John Scotus Eriugena (c.800-877 CE) was an Irish philosopher at the Frankish court who translated Pseudo-Dionysius into Latin and wrote the Periphyseon (On the Division of Nature), the most original philosophical work of the early medieval West. He divided all reality into four categories describing God's procession into creation and return to God, and argued that God is "Nothing" because God exceeds all categories of being.

Key Takeaways

  • The bridge between East and West: Eriugena's translations of Pseudo-Dionysius, Maximus the Confessor, and Gregory of Nyssa gave the Latin West access to the richest tradition of Christian Neoplatonic mystical theology for the first time.
  • God as Nothing: Eriugena's radical apophatic claim that God is "nihilum" (nothing) does not mean God does not exist but that God exceeds every finite category so completely that no "what" can be applied.
  • The four-fold Nature: The Periphyseon's four-fold division of nature as procession from and return to God is the most systematic attempt at a Christian Neoplatonic cosmology before Aquinas.
  • The human as microcosm: The human being contains all levels of creation within its soul and is the point at which the entire created order returns to God. This is among the most exalted accounts of the human being in Western philosophy.
  • Rudolf Steiner's view: Steiner recognised Eriugena as preserving genuine spiritual cosmological knowledge through his translations and original synthesis, identifying the Periphyseon's four-fold scheme as reflecting an accurate picture of cosmic structure.

🕑 16 min read

The Irish Scholar at the Frankish Court

John Scotus Eriugena arrived at the court of Charles the Bald, King of the Franks, around 845 CE. "Scotus" in ninth-century Latin meant Irish, and "Eriugena" means something like "born in Ireland." Almost nothing is known about his life before he appeared at court, but his intellectual formation must have been exceptional. He could read Greek with a fluency that was virtually unique among ninth-century Latin scholars. He knew the full range of Greek patristic theology, including authors whose works had never been translated into Latin. He was, as Bertrand Russell later observed, "the most astonishing person of the ninth century."
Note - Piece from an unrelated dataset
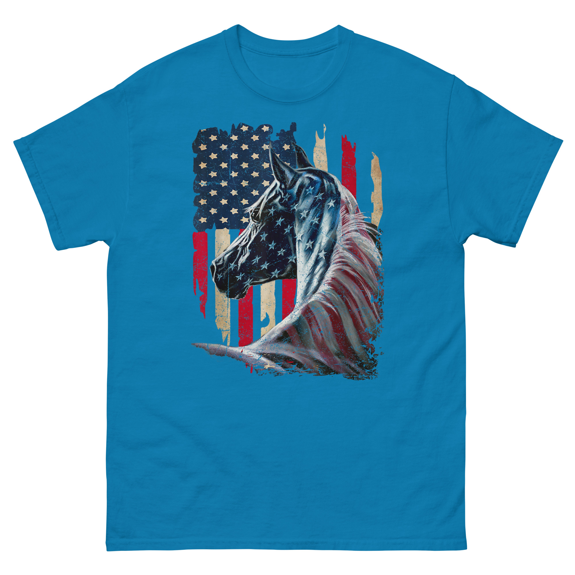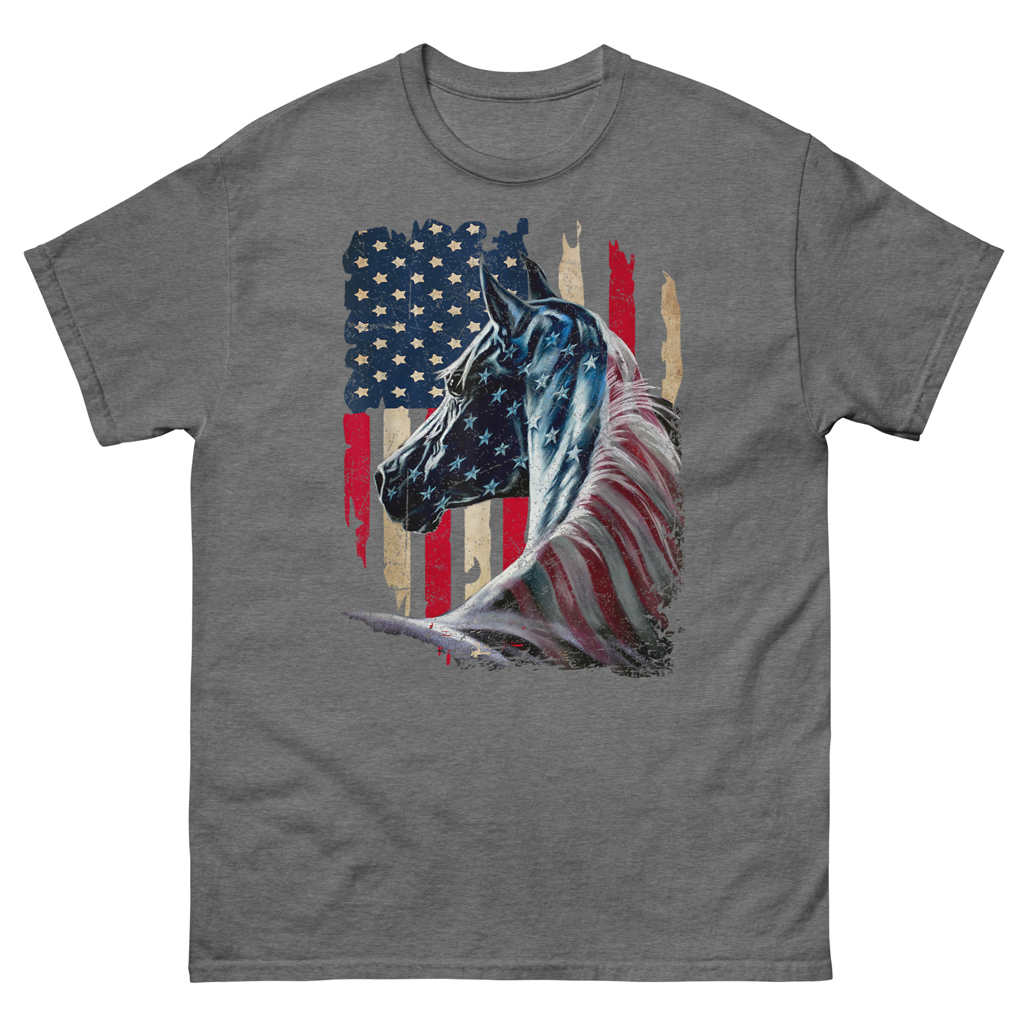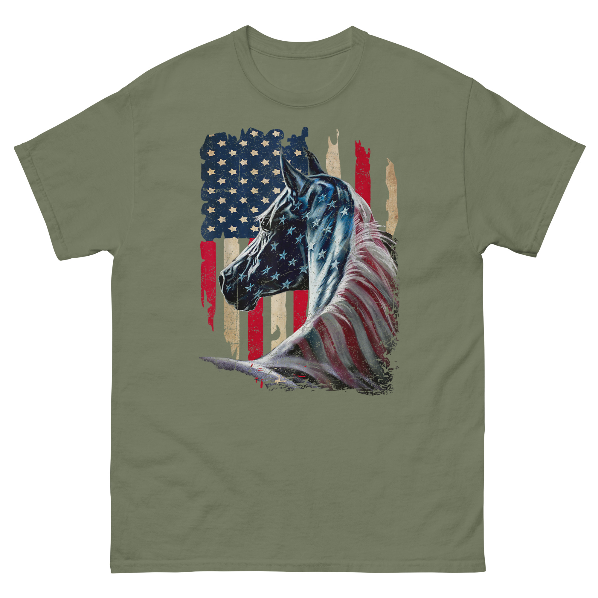 This is a striking, artistic graphic tee that merges two enduring symbols of American freedom into one powerful image. The American Flag With Horse T Shirt features a majestic stallion painted with a distressed, vintage-style flag across its form. It’s the ultimate patriotic equestrian apparel for horse lovers who feel that liberty runs as deep as the mustang’s blood.

The Carolingian court at which Eriugena worked was the most intellectually ambitious in the post-Roman Latin West. Charles the Bald was a serious patron of learning who surrounded himself with scholars, poets, and theologians. He gave Eriugena a position at the Palace School and, critically, commissioned him to translate Pseudo-Dionysius from Greek into Latin, a task that would have enormous consequences for the subsequent history of Western mystical theology.

What is known about Eriugena's death is largely legendary. One account, recorded centuries later, claims that his students stabbed him to death with their writing pens because he insisted on teaching them to think for themselves. This is almost certainly apocryphal, and the circumstances of his actual death around 877 CE are unknown. The legend is interesting precisely because it captures something true about his teaching style: he was a philosopher who pushed his students to think, not just to memorise, in an age that tended to prefer the latter.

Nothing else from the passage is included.